++++ RECORDS SUPPLIED ++++
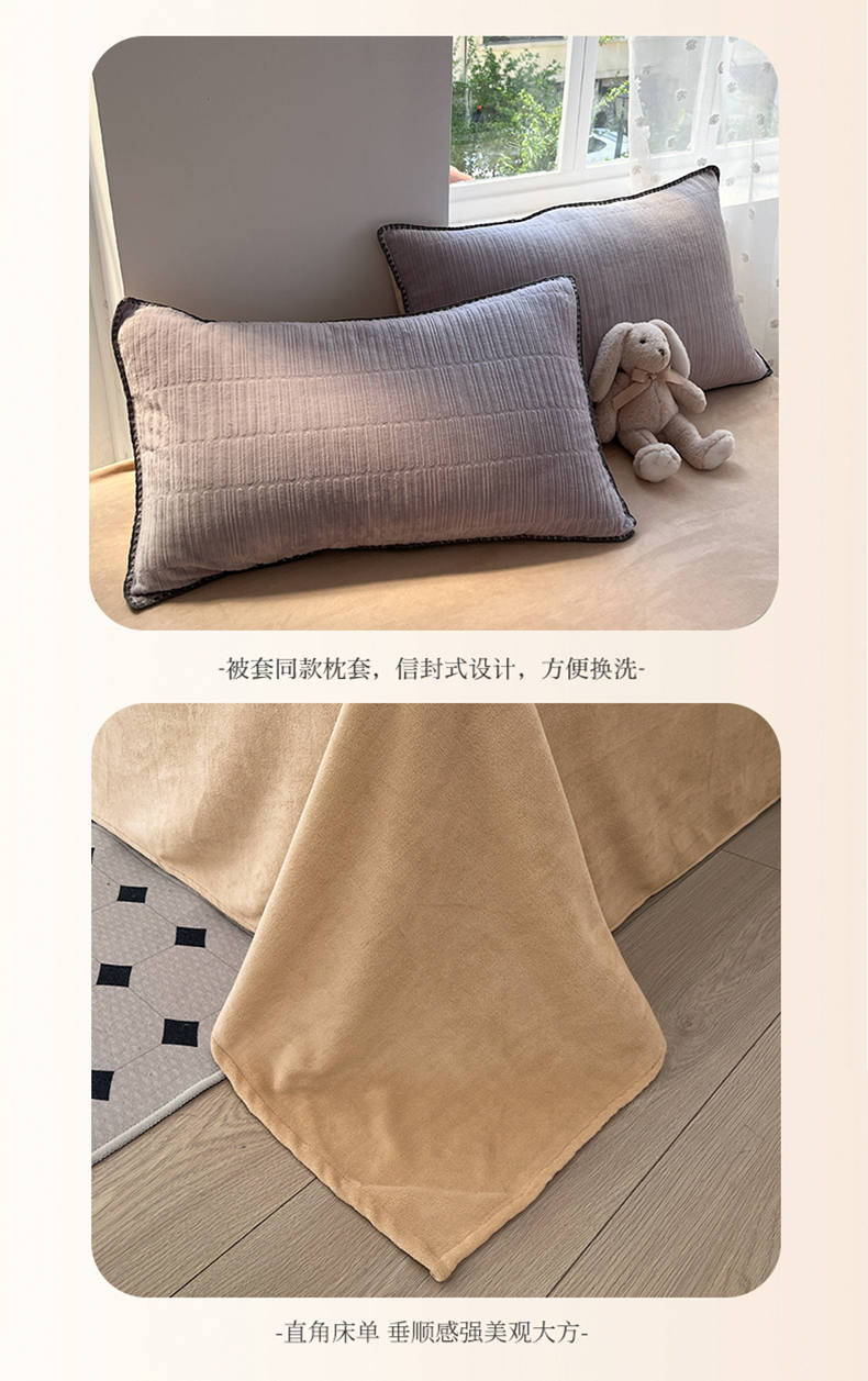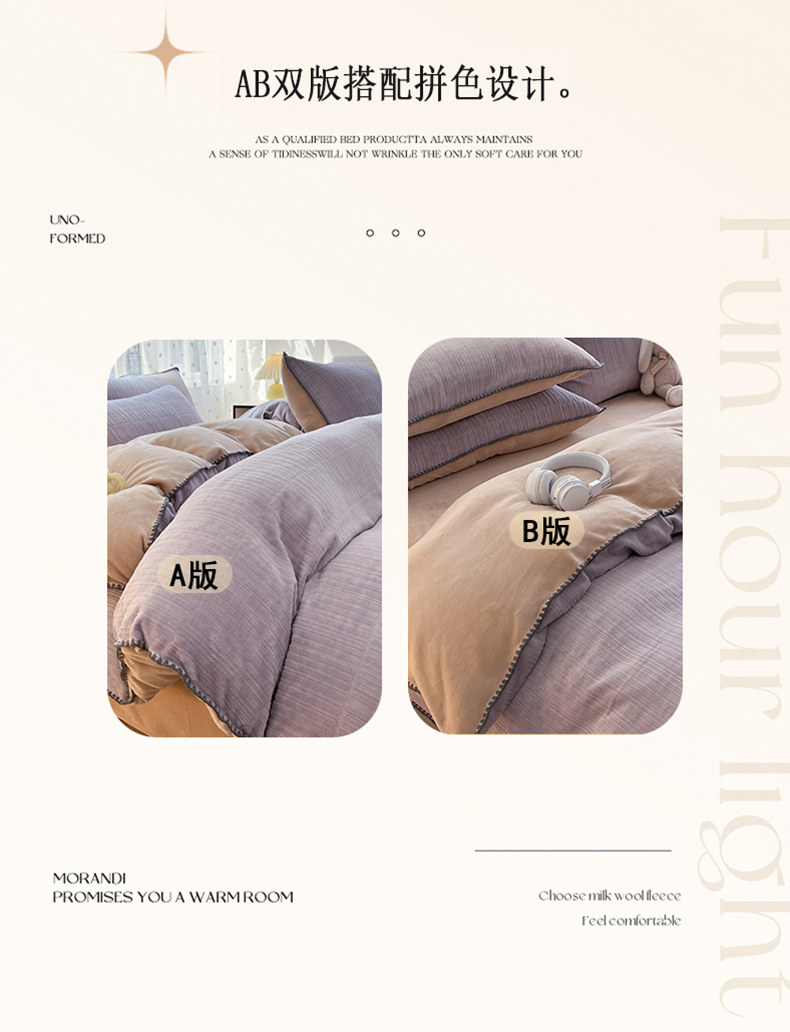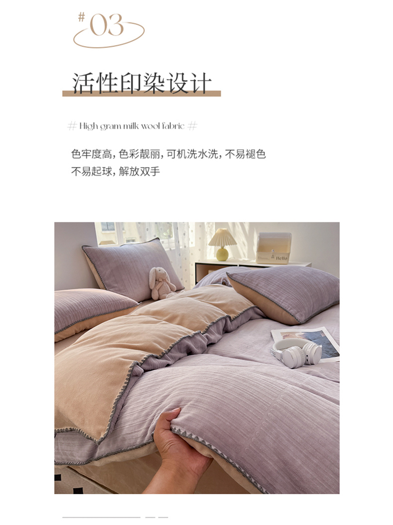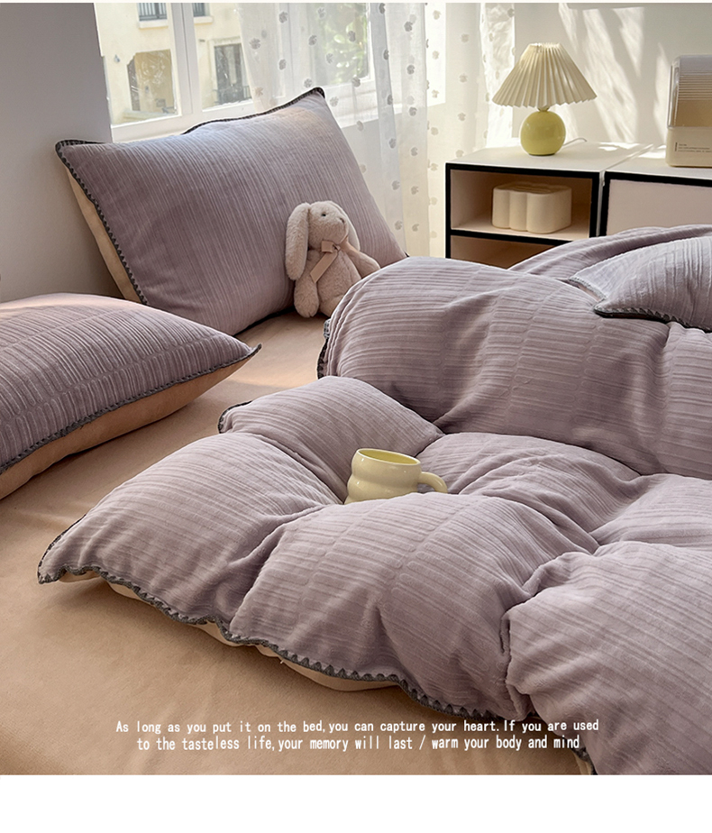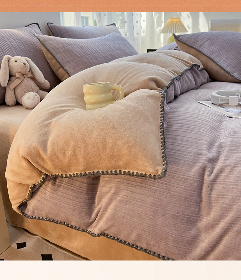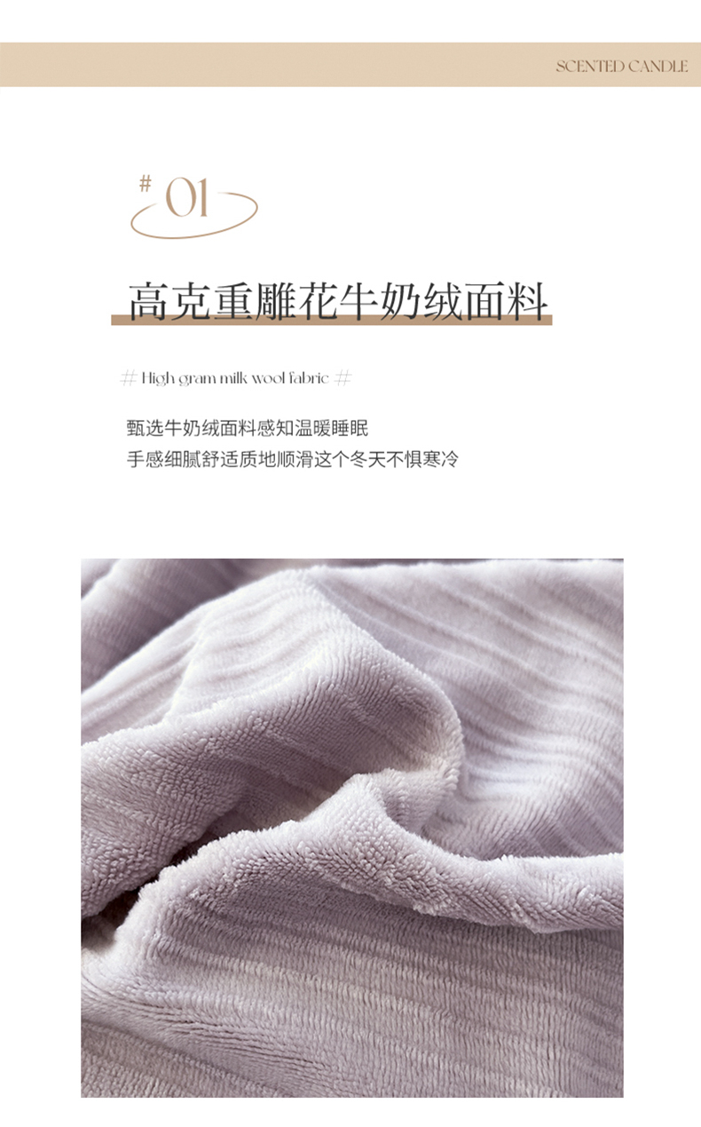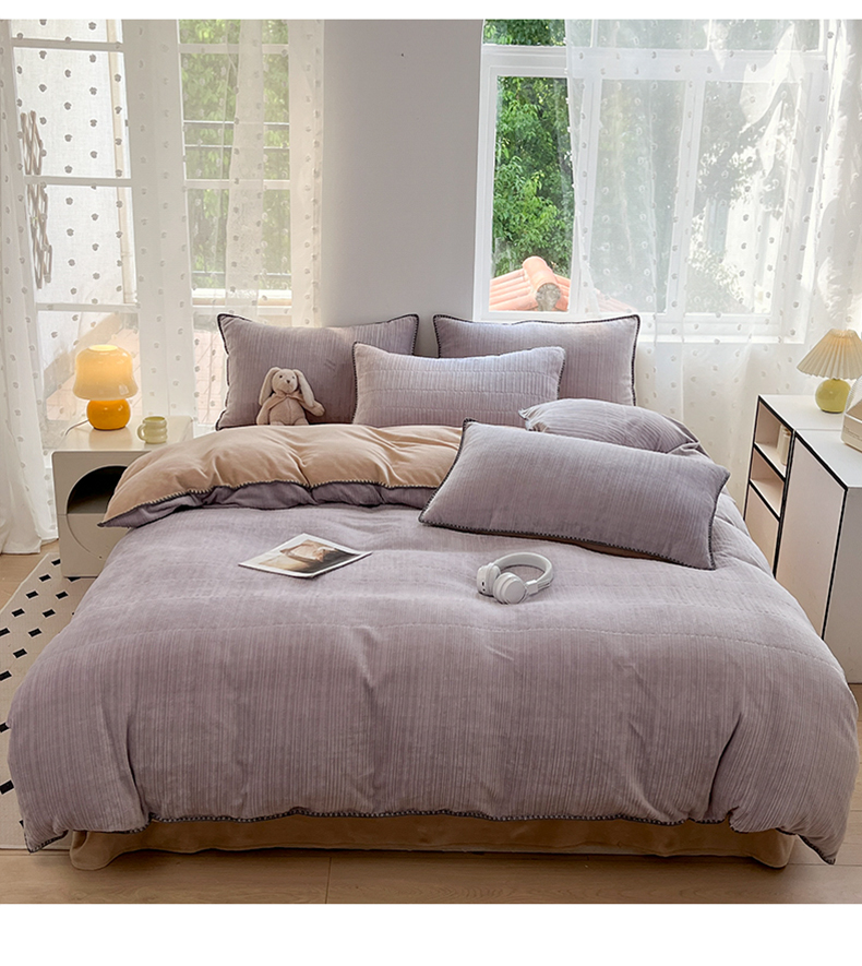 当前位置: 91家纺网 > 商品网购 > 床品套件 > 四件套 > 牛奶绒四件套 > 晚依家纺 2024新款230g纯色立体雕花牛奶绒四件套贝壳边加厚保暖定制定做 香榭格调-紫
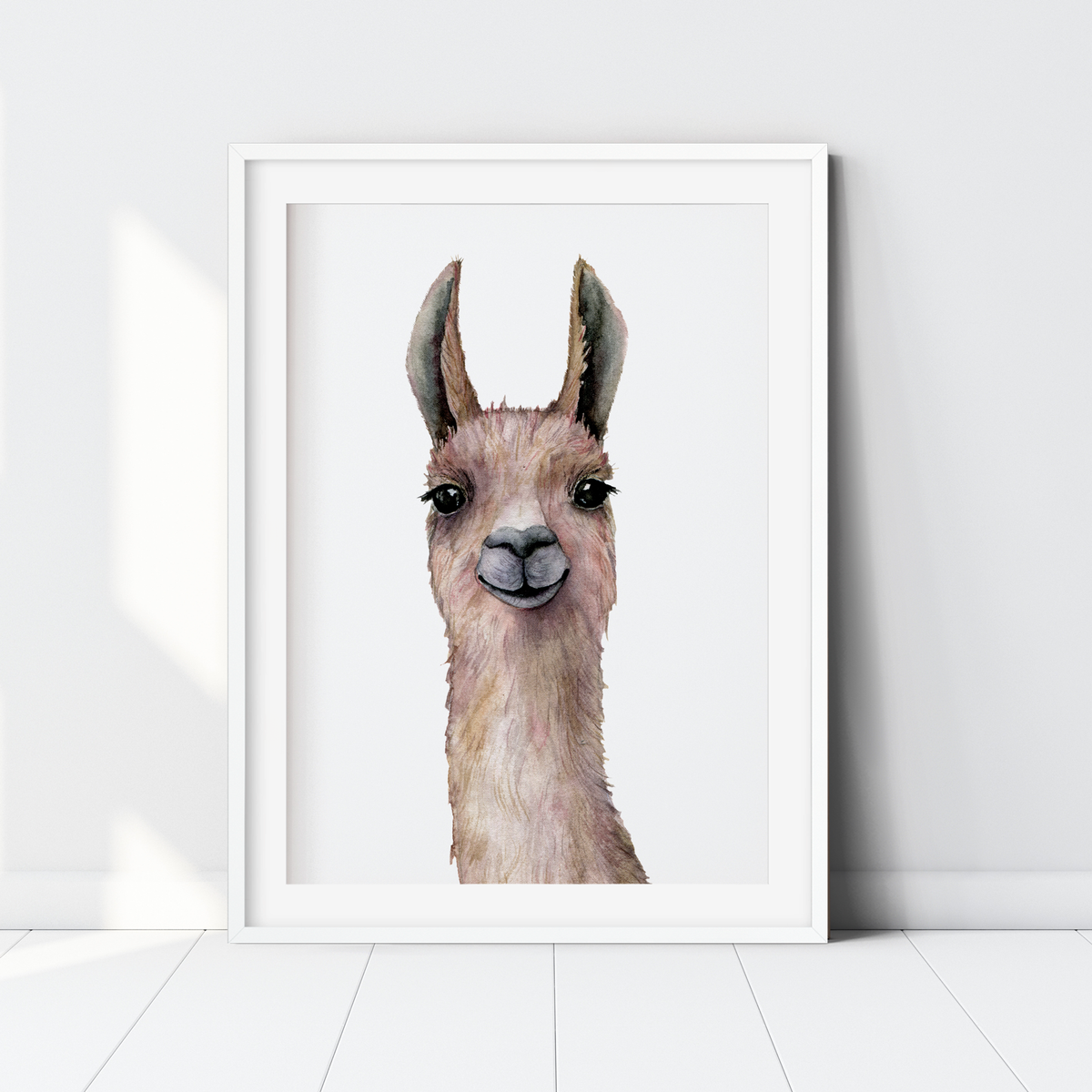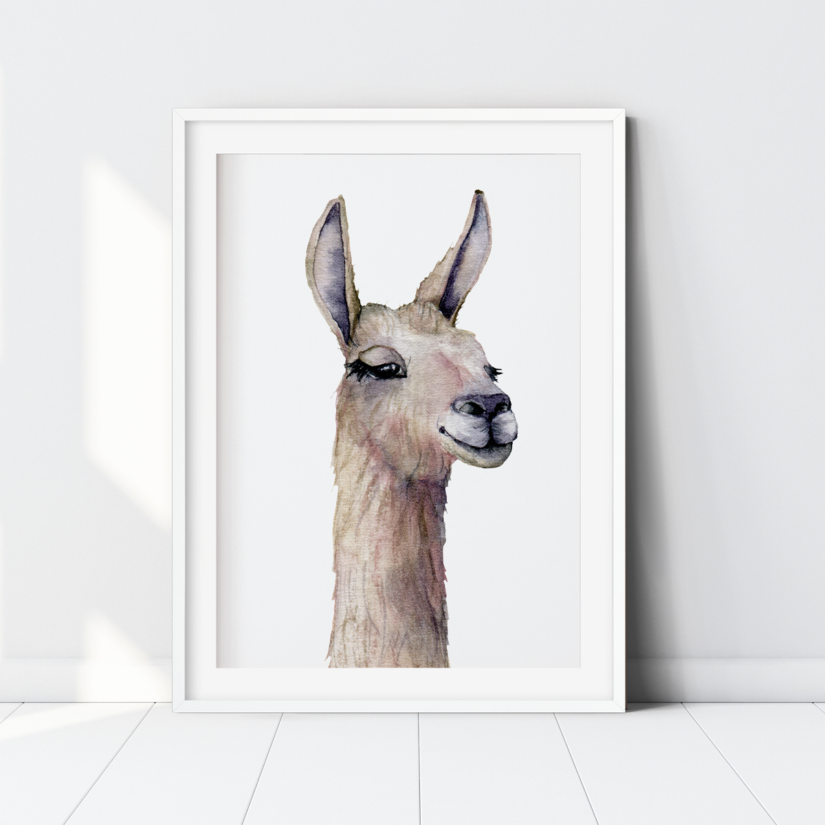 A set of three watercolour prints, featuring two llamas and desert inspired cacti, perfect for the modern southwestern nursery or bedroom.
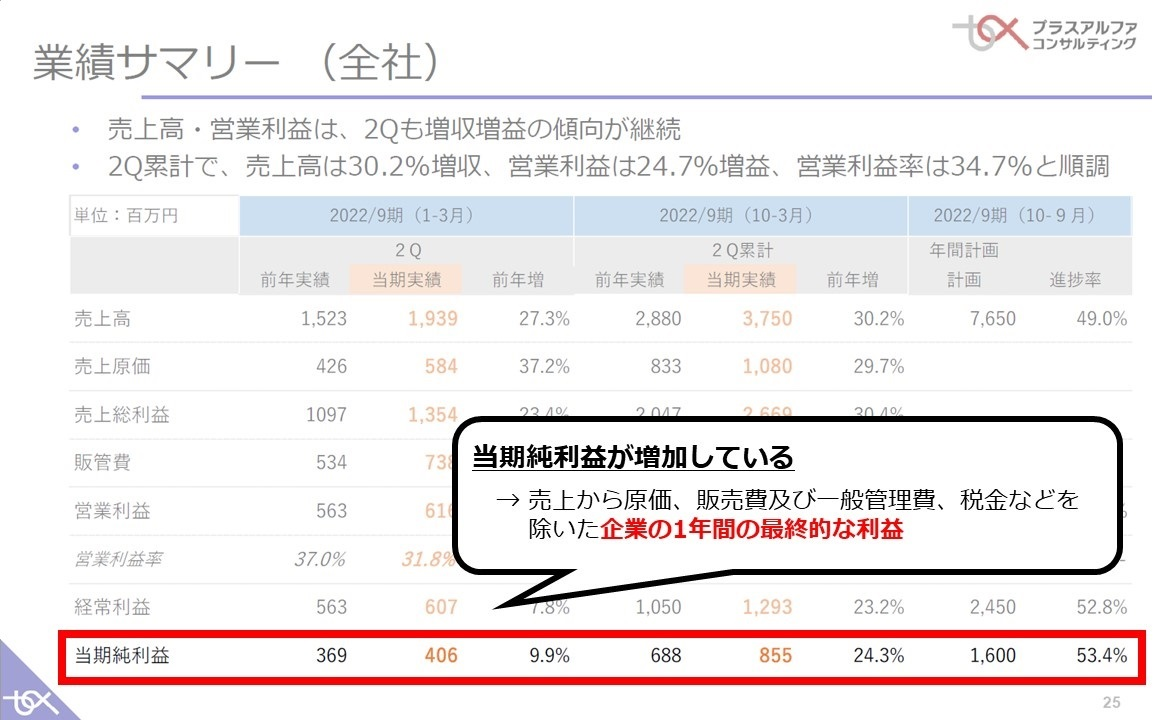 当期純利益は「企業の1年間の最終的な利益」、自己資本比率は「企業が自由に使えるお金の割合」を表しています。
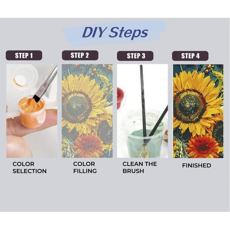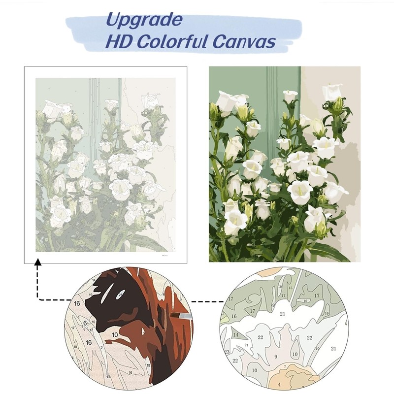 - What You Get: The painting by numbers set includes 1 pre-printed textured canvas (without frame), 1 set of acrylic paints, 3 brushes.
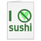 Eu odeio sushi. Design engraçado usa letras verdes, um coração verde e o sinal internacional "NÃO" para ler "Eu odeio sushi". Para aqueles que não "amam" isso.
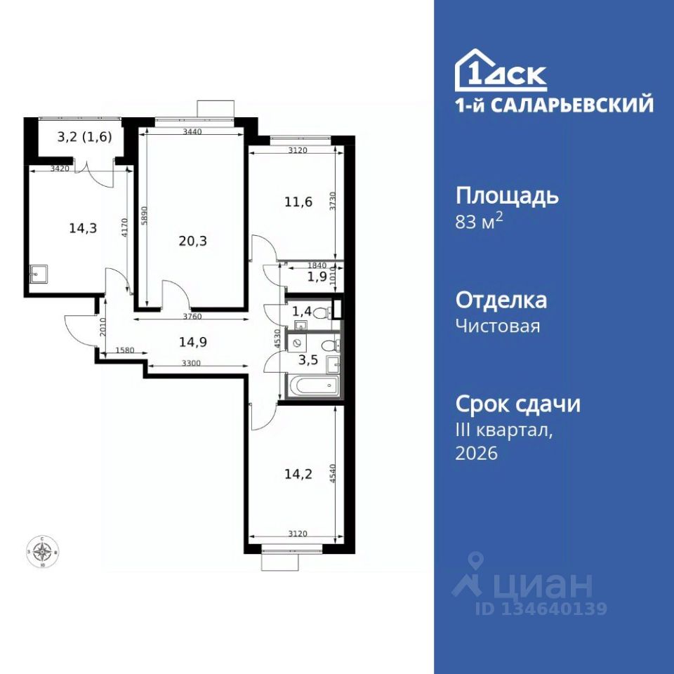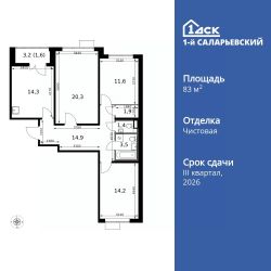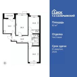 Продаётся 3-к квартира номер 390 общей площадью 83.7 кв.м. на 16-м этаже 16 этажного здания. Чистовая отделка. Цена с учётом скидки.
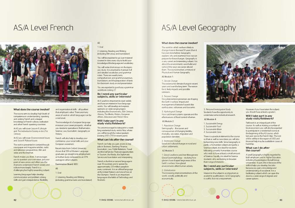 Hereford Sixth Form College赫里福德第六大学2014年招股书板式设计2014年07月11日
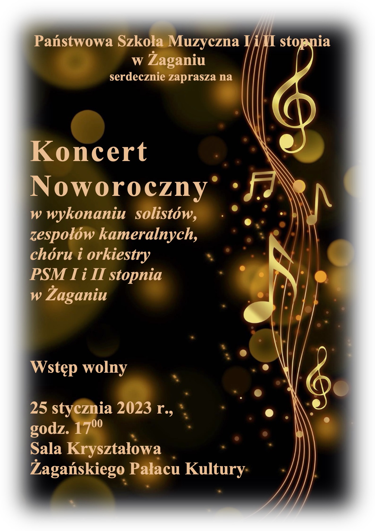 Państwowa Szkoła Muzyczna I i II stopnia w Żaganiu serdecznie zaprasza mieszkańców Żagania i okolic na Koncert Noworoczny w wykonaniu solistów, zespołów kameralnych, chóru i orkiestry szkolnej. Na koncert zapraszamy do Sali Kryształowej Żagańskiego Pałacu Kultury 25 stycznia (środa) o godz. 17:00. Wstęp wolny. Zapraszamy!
++++
* [ACTIVITY]: All of the lines above should be retyped precisely, apart from the pictures.

* [SOLUTION TO THE PROBLEM]:
 当前位置: 91家纺网 > 商品网购 > 床品套件 > 四件套 > 牛奶绒四件套 > 晚依家纺 2024新款230g纯色立体雕花牛奶绒四件套贝壳边加厚保暖定制定做 香榭格调-紫
 A set of three watercolour prints, featuring two llamas and desert inspired cacti, perfect for the modern southwestern nursery or bedroom.
 当期純利益は「企業の1年間の最終的な利益」、自己資本比率は「企業が自由に使えるお金の割合」を表しています。
 - What You Get: The painting by numbers set includes 1 pre-printed textured canvas (without frame), 1 set of acrylic paints, 3 brushes.
 Eu odeio sushi. Design engraçado usa letras verdes, um coração verde e o sinal internacional "NÃO" para ler "Eu odeio sushi". Para aqueles que não "amam" isso.
 Продаётся 3-к квартира номер 390 общей площадью 83.7 кв.м. на 16-м этаже 16 этажного здания. Чистовая отделка. Цена с учётом скидки.
 Hereford Sixth Form College赫里福德第六大学2014年招股书板式设计2014年07月11日
 Państwowa Szkoła Muzyczna I i II stopnia w Żaganiu serdecznie zaprasza mieszkańców Żagania i okolic na Koncert Noworoczny w wykonaniu solistów, zespołów kameralnych, chóru i orkiestry szkolnej. Na koncert zapraszamy do Sali Kryształowej Żagańskiego Pałacu Kultury 25 stycznia (środa) o godz. 17:00. Wstęp wolny. Zapraszamy!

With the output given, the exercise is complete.